All of these values are outside the critical value range, some by a large margin. We can use the ‘Cumulative Distribution Function’ (CDF) to determine the percentile of the t-score and from that derive its p-value. If the t-score is greater than 0, we have to subtract the percentile from 1 in order to compute the p-value correctly (97.5 percentile leaves 2.5% of the right tail from 1). Since we are running a two-tail test (accounting for probability ranges on both sides of a distribution), the value needs to be multiplied by 2 for an accurate p-value.

Running the code below computes the p-value for each correlation.

def p_value(t_score,n,f):
    if t_score > 0:
        return 1.0 - t(n-f).cdf(t_score)
    else:
        return t(n-f).cdf(t_score)

p_values = [p_value(t_score, cal_data['target'].size, len(cal_data['data'].columns)+1)*2 for t_score in t_scores]
metrics['p_value'] = p_values
metrics

The stronger the correlation between the feature and the target (positive or negative) the further from zero the t-score is and the more likely it will be outside the critical value range. The further outside the critical value range, the lower the p-value (probability correlation is equal to 0/due to chance). All of the correlations have a p-value far below 0.05 (5%), meaning the correlations are certainly not by chance.
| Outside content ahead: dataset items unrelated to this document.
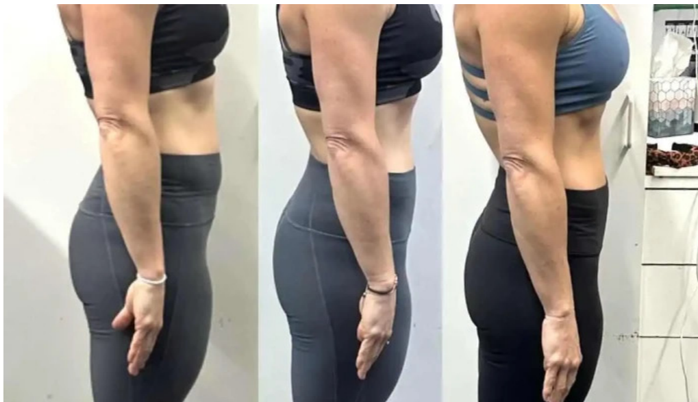
Lovingoodfitness llc physical fitness
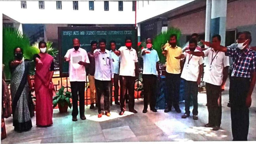
Vigilance Awareness Week pledge
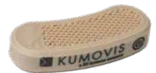
SPINE CAGE (PEEK-BCP)
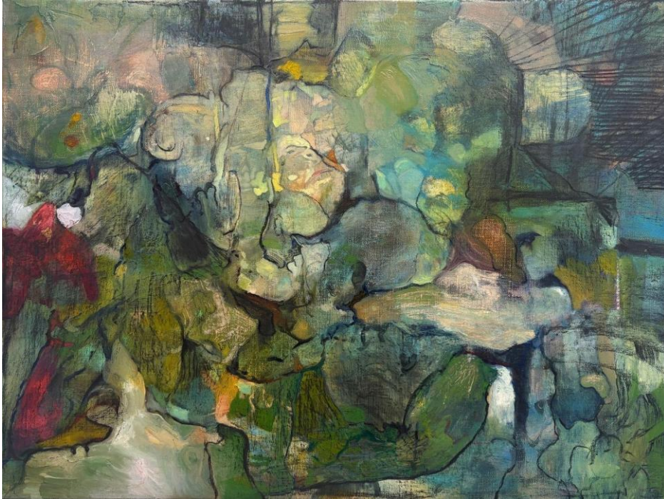
Amber Wynne-Jones, Art of Mirrors, 2025
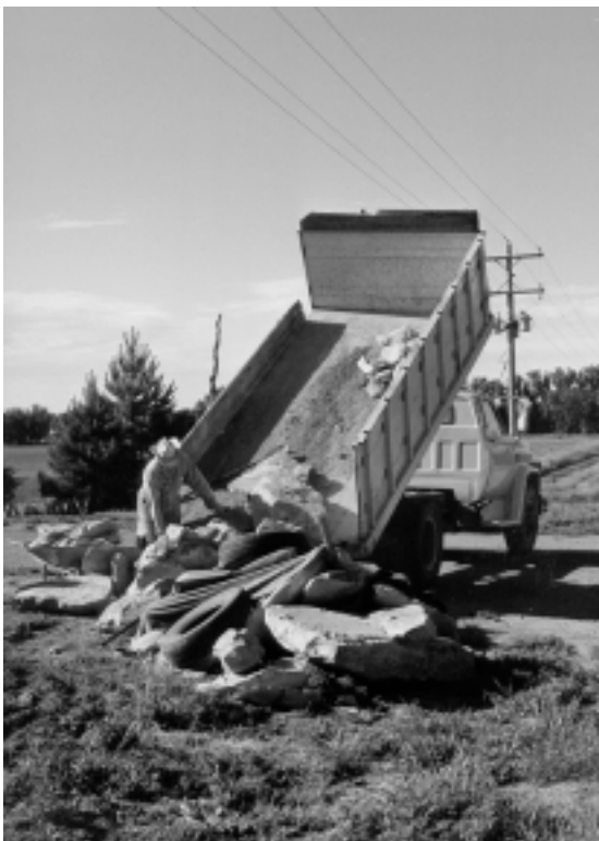
Figure 1. Clarence Johnsrud unloading slabs of leaf-fossil bearing rocks collected from the Sentinel Butte Formation Trenton Hill fossil site.

Clarence contacted me in 1989 about this important site and donated many leaf fossil specimens to the North Dakota State Fossil Collection. Many specimens were exhibited at the North Dakota Heritage Center in Bismarck in a North Dakota fossil exhibit in 1991 and 1992. An unusually well preserved, spectacular Platanus (sycamore) leaf has been on exhibit in the main gallery of the Heritage Center since that time (Figure 4 and 5a). Over 750,000 people have enjoyed seeing it. Clarence has also donated a collection of plant fossils to the University of North Dakota where they are on display in the museum area of
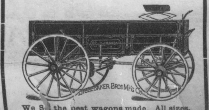
We sell the best wagons made. All sizes.

And the prize goes to the little girl 14 years of age, or under, who forms the best jingle. Each jingle must be short and must contain either Buck's Stoves or Buck's Ranges, or just Buck's, or Henry Martin, or Martin's. Now girl's, get to work and work hard.
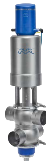
Figure 1. Alfa Laval Unique Mixproof valve with the ThinkTop V70 control unit.

consumption during production. Cleaning process equipment, such as mixproof valves, can contribute significantly to reduced water use. Alfa Laval can help manufacturers realize substantial water savings – without compromising product hygiene or safety – by using Alfa Laval Unique Mixproof CP-3 valves with innovative ThinkTop control tops.
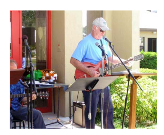
Church family members shared their instrumental music...

Now that we know all of our correlations are significant, we can trust these numbers and use them to determine which features we will use in the regression model.

Collinearity

Above we discussed how the median income, house age, and average rooms seem to be strongly correlated with the median house value. The only other feature that seems to have a strong correlation with the target is the latitude location of the block group, having a negative correlation of around -0.14. You might be asking yourself why the latitude shows a much stronger (triple) correlation than the longitude. While it’s possible that latitude has a much stronger influence on the median house value than longitude, it’s not probable.

Remember, regression is a measure of the influence independent variables (features) have on the dependent variable (target), meaning if the value of one independent variable (feature) is changed and all other independent variables (features) remain the same, how does that impact the dependent variable (target). In order for a variable to be independent, it can’t be influenced by another variable. If a variable is influenced by another, that means as one changes, so does the other, and therefore a measure of its influence on the target can’t be correctly calculated. The regression model may still find coefficients that appear to predict the target well, but they will not represent the true influence on the target and will make the model very sensitive to changes (like adding or removing feature variables). Just as we used correlation to determine the influence the feature variables had on the target, so can it be used to determine the influence on each other. Using what's called a correlation matrix, we can determine if two feature variables are related to (influence) each other and therefore not independent of each other. The Pandas library makes this very easy with the corr() method. All we have to do is pass our dataframe of all feature variables and target variable (cal_data[‘frame’]) to the corr() function and display the results using a heatmap (using the Seaborn library).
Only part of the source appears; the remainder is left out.